# Dog Show



## TikisMom (Jul 22, 2003)

Hi All. I totaly forgot about the dog show, luckily my son reminded me just in time to see the toy group. What a beautiful Maltese! He coat was just beautiful and the way he pranced around the ring you could see he was having fun! What a beautiful baby!

If you missed it and would like to watch the link below will tell you how to catch it when it is shown again!

The westminster Dog Show

Judi


----------



## Bushi's Mom (Dec 2, 2003)

Talking about the Dog Show................

That Pick-a-nee-nee came in first place again in the Toy Group.... The Beautiful Flawless Maltese came in 2nd Place. A Good friend of mines just bought a Pick-a-nee-nee, i never mentioned the Show LOL Or else i would not hear the End Of It...... 

Better Luck Next Year Maltese Lovers

Maltese Rules <_<


----------



## Guest (Mar 11, 2004)

I just noticed this thread. The Best of bread is Noah's grandfather!

"Ch Marcris Thrill Of Victory"

My breeder told me that but I never looked at it until now. Thats neat!


----------



## docnascar (Feb 24, 2004)

I did it again. I always forget to Log In.


****************************

I just noticed this thread.
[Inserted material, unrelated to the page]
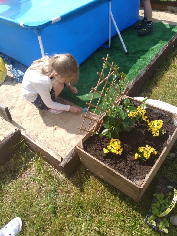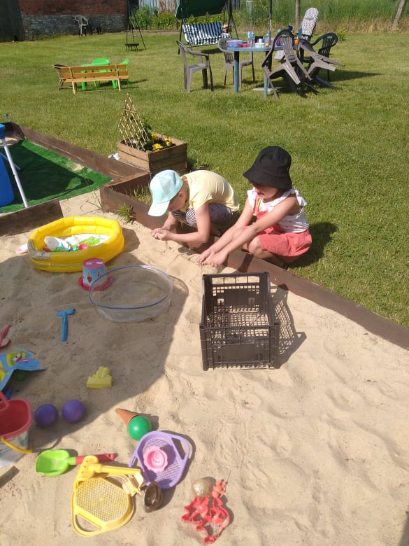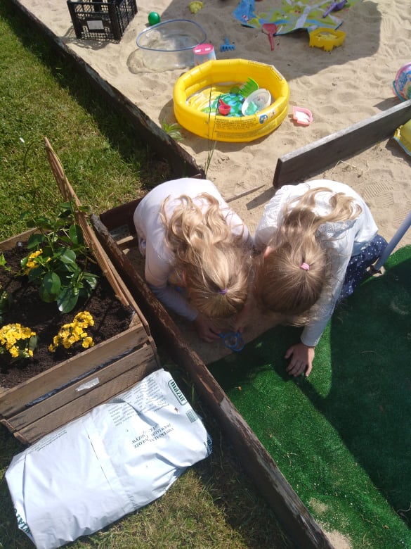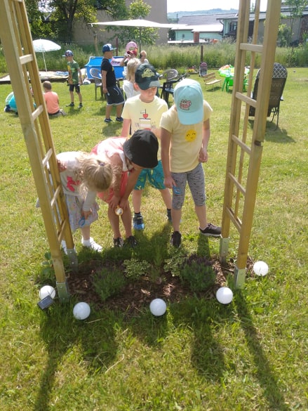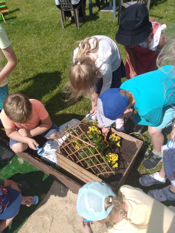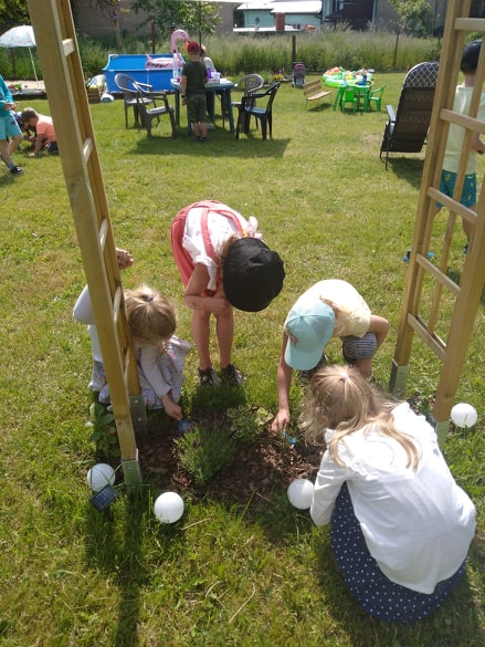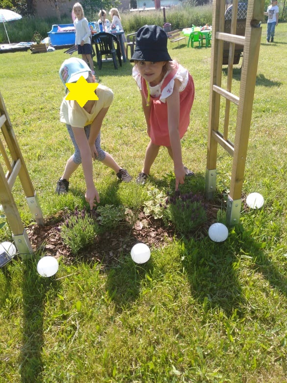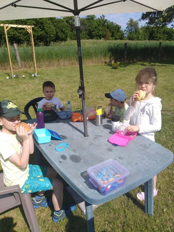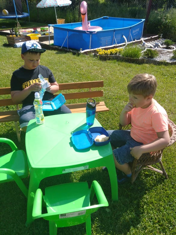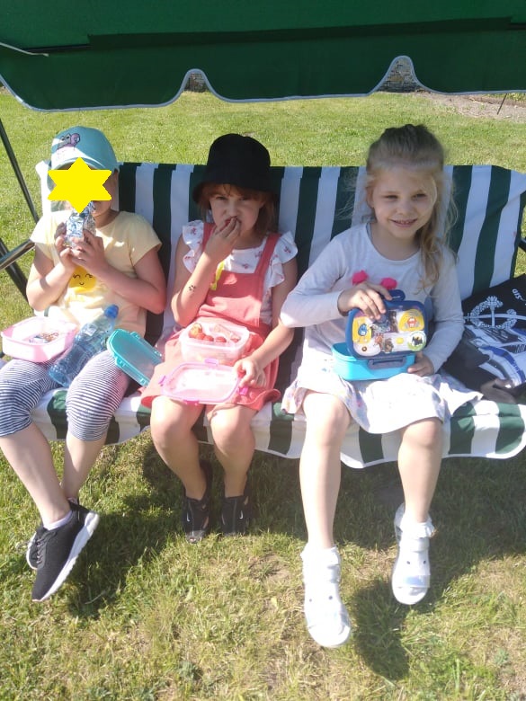 Pobyt w ogrodzie był również okazją do zabaw i podejmowania różnych form aktywności fizycznej. Najmilszym momentem dnia było wspólne śniadanie w otoczeniu przyrody w ogrodzie u pani Basi.

The Best of bread is Noah's grandfather!

"Ch Marcris Thrill Of Victory"

My breeder told me that but I never looked at it until now. Thats neat!


----------



## kit001 (Jul 6, 2003)

I know I can be biased on this, but c'mon, the Pek wasn't half as beautiful as the Malt was. I watched the Eukanuba Dog Show also and the same Pek, the whole time wishing someone would brush his beautiful coat out and make him look more natural. The poor thing looked to me like a huge POM-POM! I dont 'say that to be cruel, but the Malt DID have a more natural look to him. I know they are not just judging on that sort of thing, but I dunno......................


----------



## pico's parent (Apr 5, 2004)

I'm with you on that Pekingese at Westminster. I am obviously no judge of the breed but he didn't even look like a dog. I mean, how can they judge a dog whose body you can't see? :lol: 

He's a big multi champ, though, so I guess I am the ignorant one!


----------